(Data in this exercise)

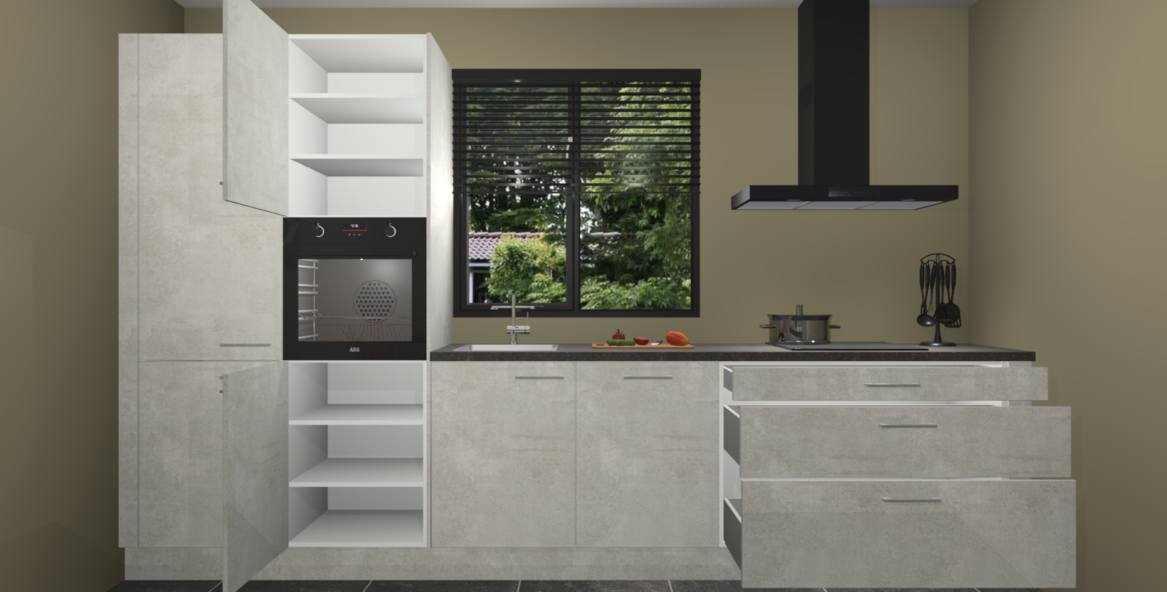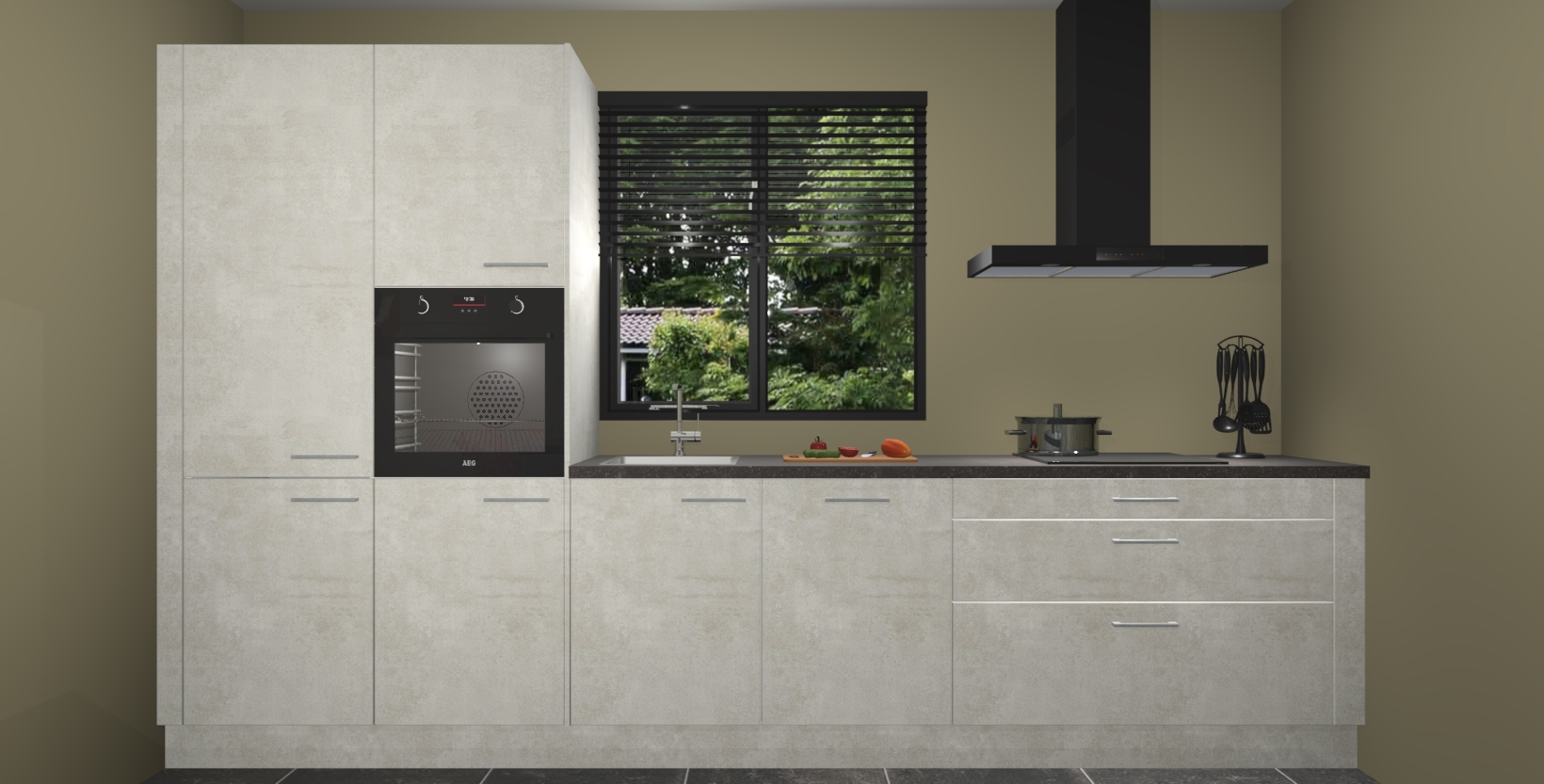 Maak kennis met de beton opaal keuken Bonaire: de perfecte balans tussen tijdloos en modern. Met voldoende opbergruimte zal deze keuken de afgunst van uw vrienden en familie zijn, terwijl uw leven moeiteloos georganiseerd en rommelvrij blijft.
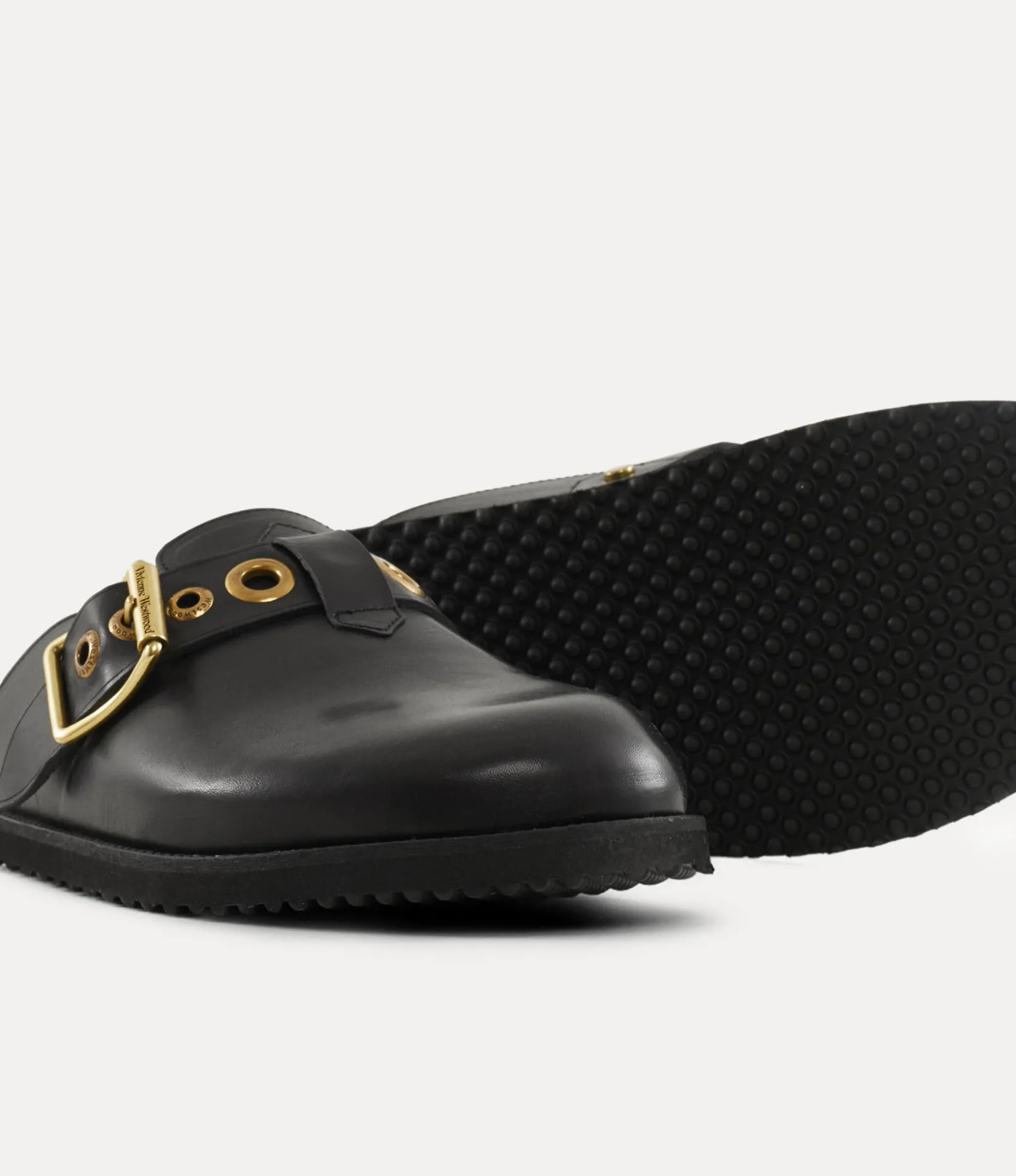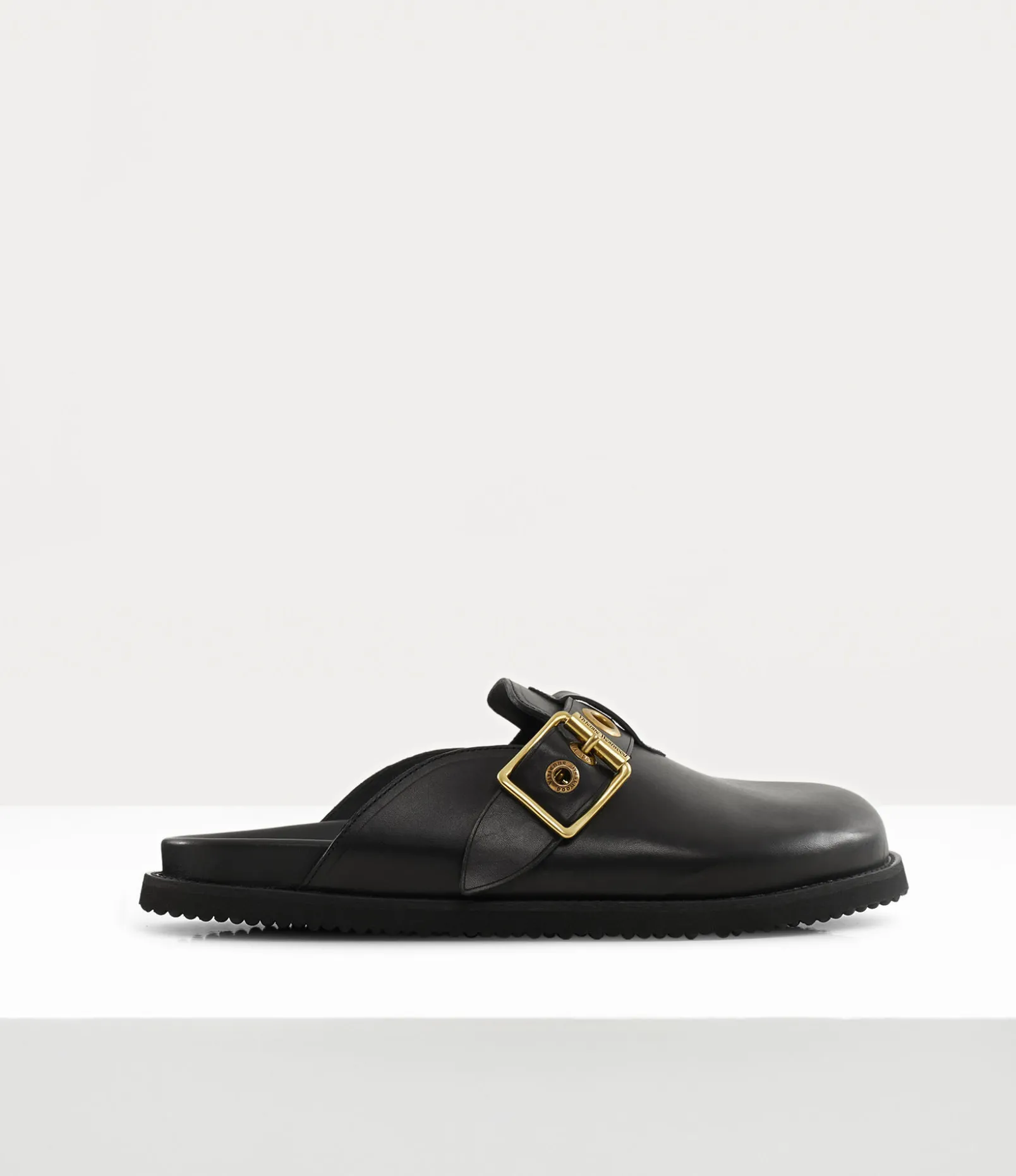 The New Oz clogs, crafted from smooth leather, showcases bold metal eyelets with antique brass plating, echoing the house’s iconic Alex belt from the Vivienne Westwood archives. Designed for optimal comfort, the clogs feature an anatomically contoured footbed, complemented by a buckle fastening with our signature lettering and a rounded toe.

(End Data in this exercise)
(Data in this exercise)

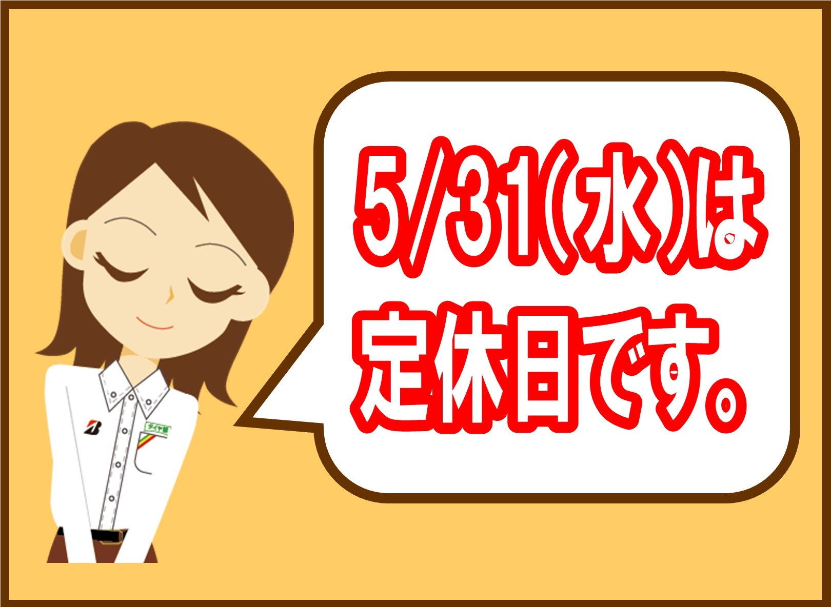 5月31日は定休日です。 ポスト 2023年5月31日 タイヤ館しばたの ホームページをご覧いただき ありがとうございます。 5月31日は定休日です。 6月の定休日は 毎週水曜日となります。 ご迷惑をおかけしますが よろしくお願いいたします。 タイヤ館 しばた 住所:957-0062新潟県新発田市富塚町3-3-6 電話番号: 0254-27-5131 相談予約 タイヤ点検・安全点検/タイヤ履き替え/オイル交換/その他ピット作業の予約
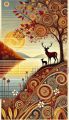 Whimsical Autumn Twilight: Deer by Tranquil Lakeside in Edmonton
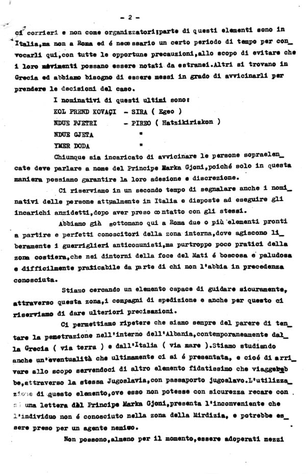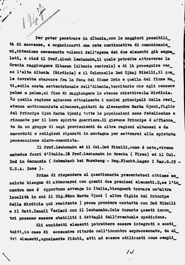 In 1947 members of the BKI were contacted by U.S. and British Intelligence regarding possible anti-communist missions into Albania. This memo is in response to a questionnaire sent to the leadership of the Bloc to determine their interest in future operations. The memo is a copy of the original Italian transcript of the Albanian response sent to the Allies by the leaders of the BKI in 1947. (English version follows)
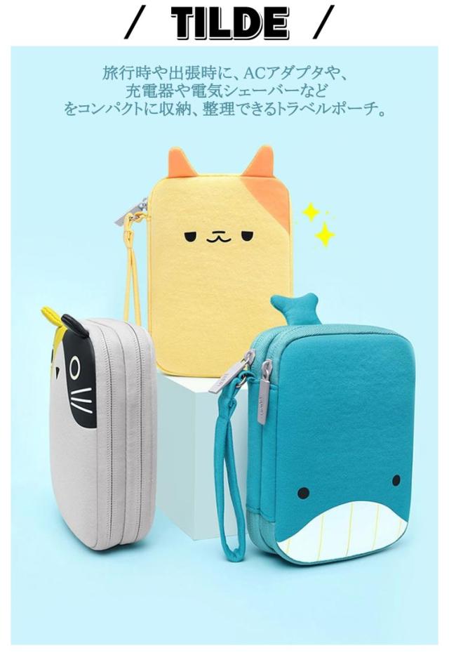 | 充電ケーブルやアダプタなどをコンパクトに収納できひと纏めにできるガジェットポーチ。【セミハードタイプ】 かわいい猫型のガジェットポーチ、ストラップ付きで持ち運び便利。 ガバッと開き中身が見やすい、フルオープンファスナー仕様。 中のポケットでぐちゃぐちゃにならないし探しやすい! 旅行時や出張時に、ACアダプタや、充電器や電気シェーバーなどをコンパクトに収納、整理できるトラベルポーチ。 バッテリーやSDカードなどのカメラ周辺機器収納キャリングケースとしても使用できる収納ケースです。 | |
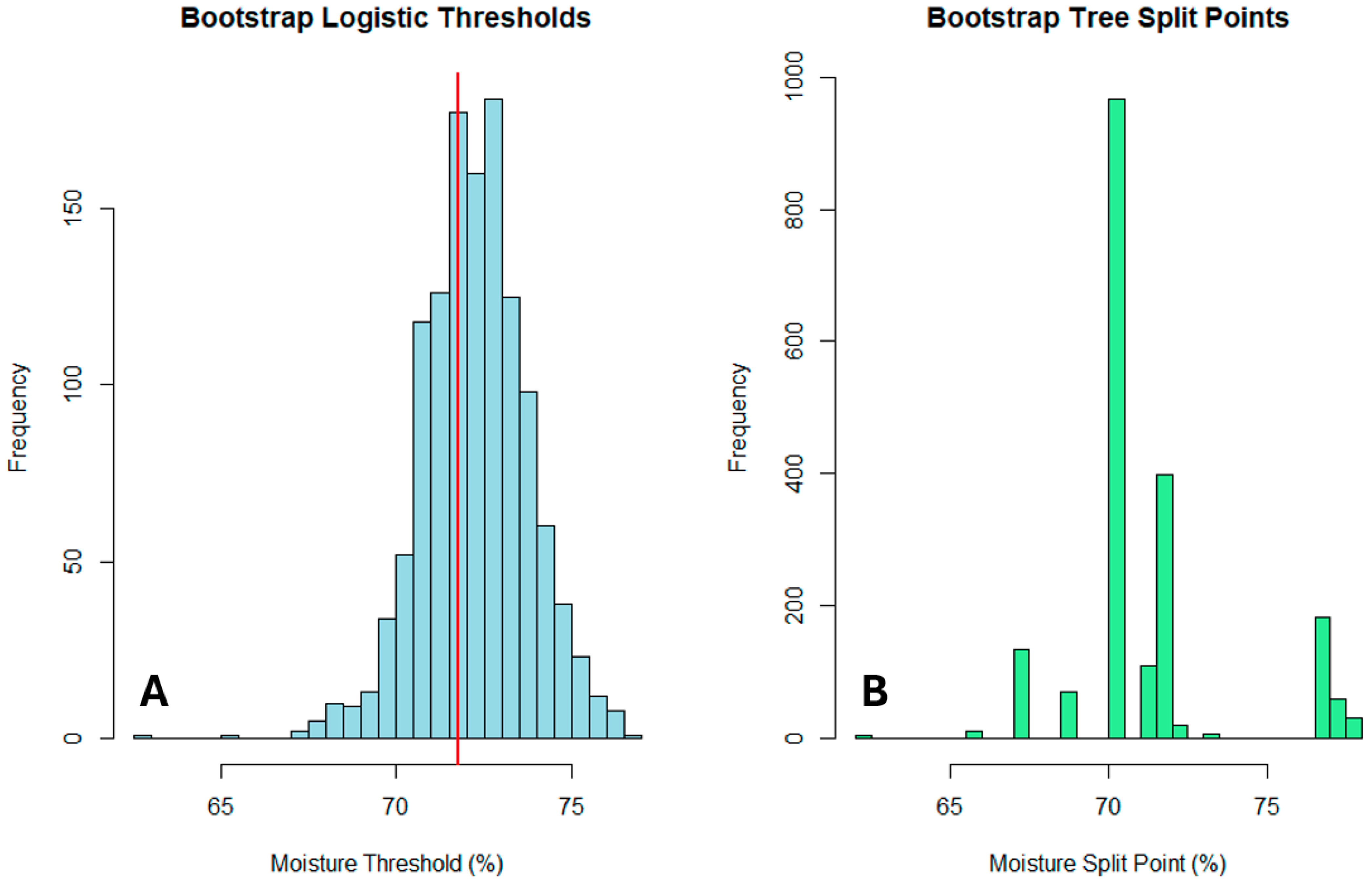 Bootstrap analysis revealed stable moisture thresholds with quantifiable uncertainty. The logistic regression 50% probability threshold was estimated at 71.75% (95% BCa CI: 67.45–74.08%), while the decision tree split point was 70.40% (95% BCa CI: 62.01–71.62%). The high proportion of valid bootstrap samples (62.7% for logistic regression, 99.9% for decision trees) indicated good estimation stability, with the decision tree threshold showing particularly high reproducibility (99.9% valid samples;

(End Data in this exercise)
(Data in this exercise)

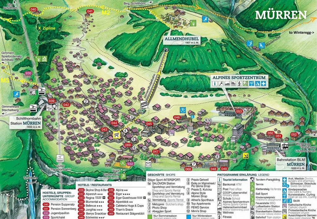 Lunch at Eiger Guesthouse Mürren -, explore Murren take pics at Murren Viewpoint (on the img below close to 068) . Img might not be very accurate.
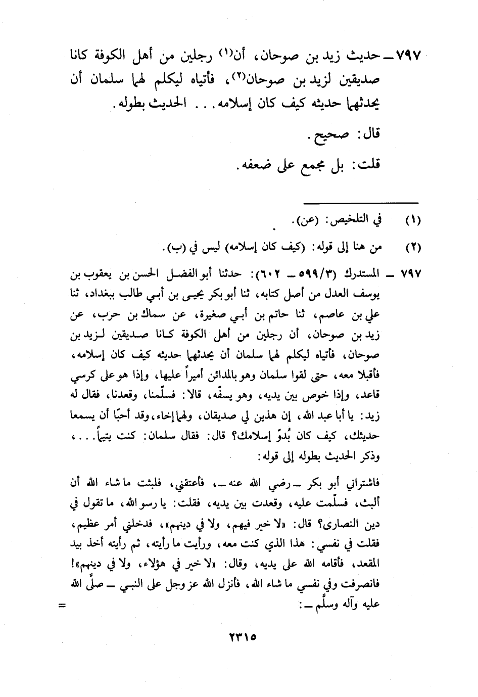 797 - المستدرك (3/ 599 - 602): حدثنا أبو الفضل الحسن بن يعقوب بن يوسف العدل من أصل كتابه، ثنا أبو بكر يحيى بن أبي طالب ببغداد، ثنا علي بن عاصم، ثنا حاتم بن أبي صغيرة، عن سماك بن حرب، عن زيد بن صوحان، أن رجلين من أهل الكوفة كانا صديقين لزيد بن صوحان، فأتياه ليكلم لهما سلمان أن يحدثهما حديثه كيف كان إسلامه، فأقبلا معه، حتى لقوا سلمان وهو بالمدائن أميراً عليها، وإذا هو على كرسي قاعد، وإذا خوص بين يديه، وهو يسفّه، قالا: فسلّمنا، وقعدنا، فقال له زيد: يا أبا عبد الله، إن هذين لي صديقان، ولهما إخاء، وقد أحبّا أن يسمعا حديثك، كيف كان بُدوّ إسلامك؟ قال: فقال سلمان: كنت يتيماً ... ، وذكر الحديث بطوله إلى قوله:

(End Data in this exercise)

» **Goal of the exercise**
Above are the records; restate exactly the lines from the one containing "Maak kennis met" through the one containing "The New Oz clogs, crafted", keeping pictures out.

» **Result for this exercise**
 Maak kennis met de beton opaal keuken Bonaire: de perfecte balans tussen tijdloos en modern. Met voldoende opbergruimte zal deze keuken de afgunst van uw vrienden en familie zijn, terwijl uw leven moeiteloos georganiseerd en rommelvrij blijft.
 The New Oz clogs, crafted from smooth leather, showcases bold metal eyelets with antique brass plating, echoing the house’s iconic Alex belt from the Vivienne Westwood archives. Designed for optimal comfort, the clogs feature an anatomically contoured footbed, complemented by a buckle fastening with our signature lettering and a rounded toe.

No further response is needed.